> **Problem**: Write out nothing but the lines from the first line of the entries below through the line with "I Jeans By Buffalo"; no pictures go in.

> **Collected data**:
____

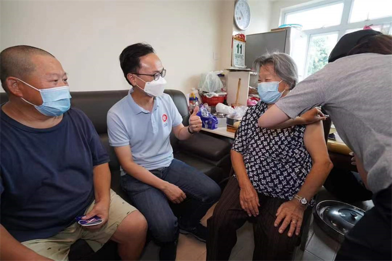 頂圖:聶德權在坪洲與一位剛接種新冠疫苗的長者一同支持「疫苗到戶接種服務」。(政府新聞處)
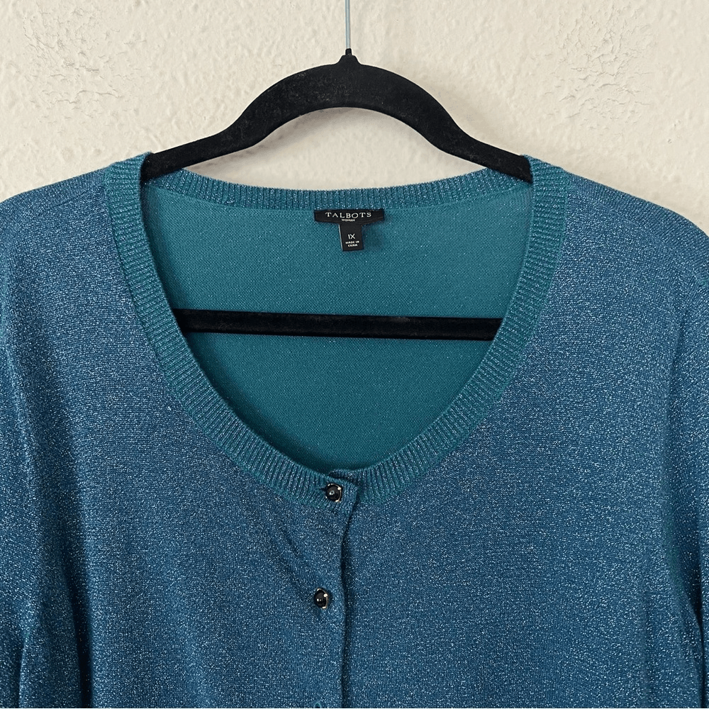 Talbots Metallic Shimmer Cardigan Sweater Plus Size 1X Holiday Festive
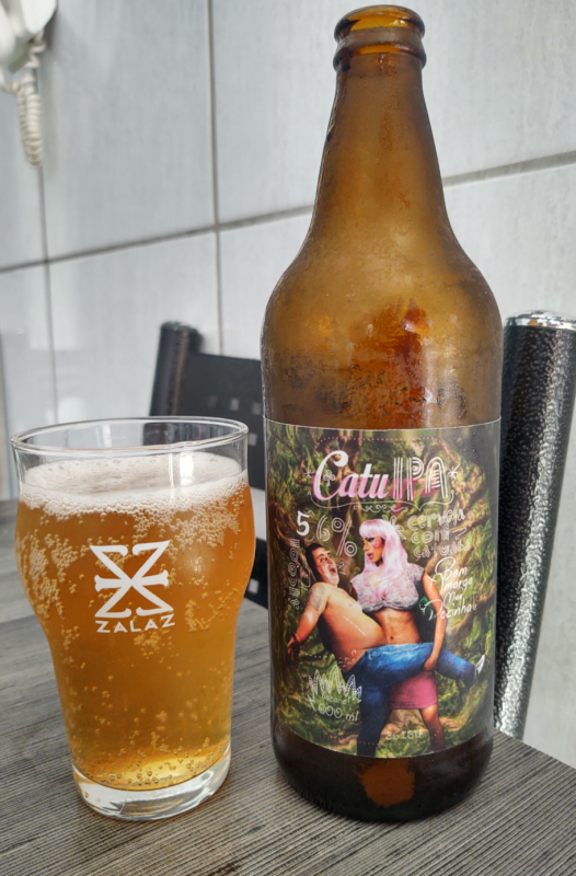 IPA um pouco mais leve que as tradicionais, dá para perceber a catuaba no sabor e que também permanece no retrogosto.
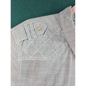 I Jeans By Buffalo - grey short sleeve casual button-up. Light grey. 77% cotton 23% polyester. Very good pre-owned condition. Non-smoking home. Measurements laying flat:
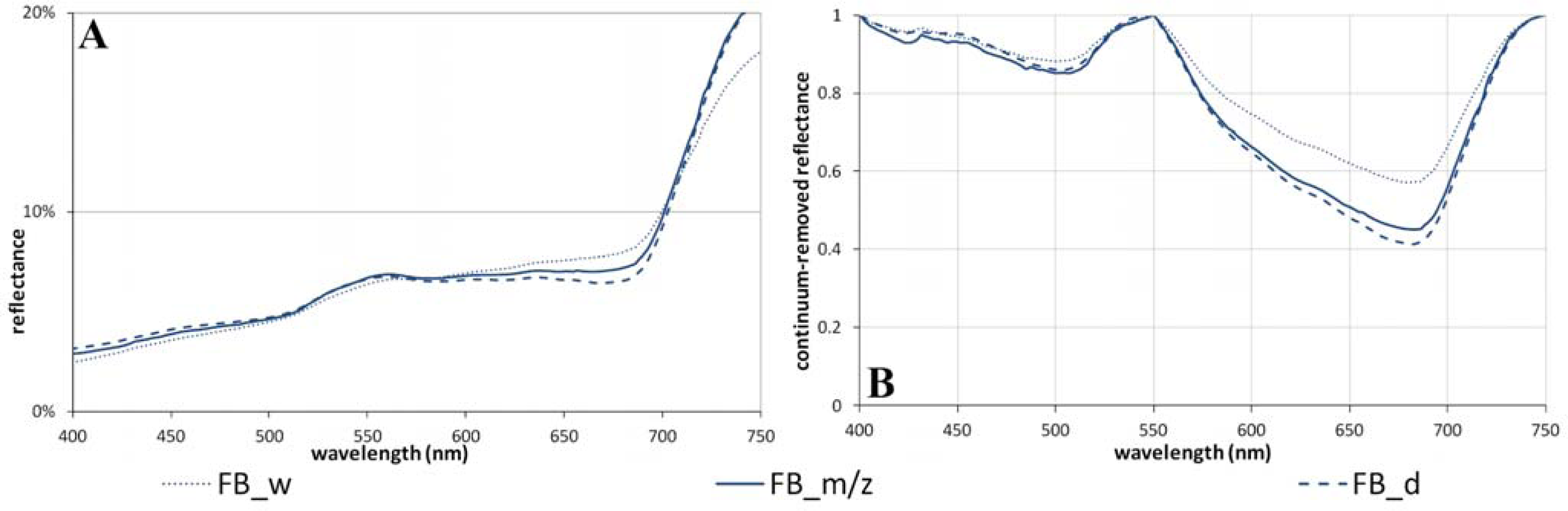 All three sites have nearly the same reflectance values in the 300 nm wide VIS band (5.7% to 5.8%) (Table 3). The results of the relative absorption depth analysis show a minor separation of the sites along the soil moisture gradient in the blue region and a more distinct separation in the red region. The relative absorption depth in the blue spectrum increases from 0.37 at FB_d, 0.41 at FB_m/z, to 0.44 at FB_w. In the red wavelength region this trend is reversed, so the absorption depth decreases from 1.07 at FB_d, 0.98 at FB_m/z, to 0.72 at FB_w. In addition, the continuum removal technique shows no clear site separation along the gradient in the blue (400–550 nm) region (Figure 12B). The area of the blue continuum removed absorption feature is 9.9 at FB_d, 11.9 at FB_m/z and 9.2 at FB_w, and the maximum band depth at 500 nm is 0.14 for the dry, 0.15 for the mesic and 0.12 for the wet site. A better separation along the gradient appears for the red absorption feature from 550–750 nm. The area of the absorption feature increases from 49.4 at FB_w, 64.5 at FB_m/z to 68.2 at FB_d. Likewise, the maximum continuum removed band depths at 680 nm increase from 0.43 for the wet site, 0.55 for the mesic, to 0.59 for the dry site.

____

> **Reply**:
 頂圖:聶德權在坪洲與一位剛接種新冠疫苗的長者一同支持「疫苗到戶接種服務」。(政府新聞處)
 Talbots Metallic Shimmer Cardigan Sweater Plus Size 1X Holiday Festive
 IPA um pouco mais leve que as tradicionais, dá para perceber a catuaba no sabor e que também permanece no retrogosto.
 I Jeans By Buffalo - grey short sleeve casual button-up. Light grey. 77% cotton 23% polyester. Very good pre-owned condition. Non-smoking home. Measurements laying flat:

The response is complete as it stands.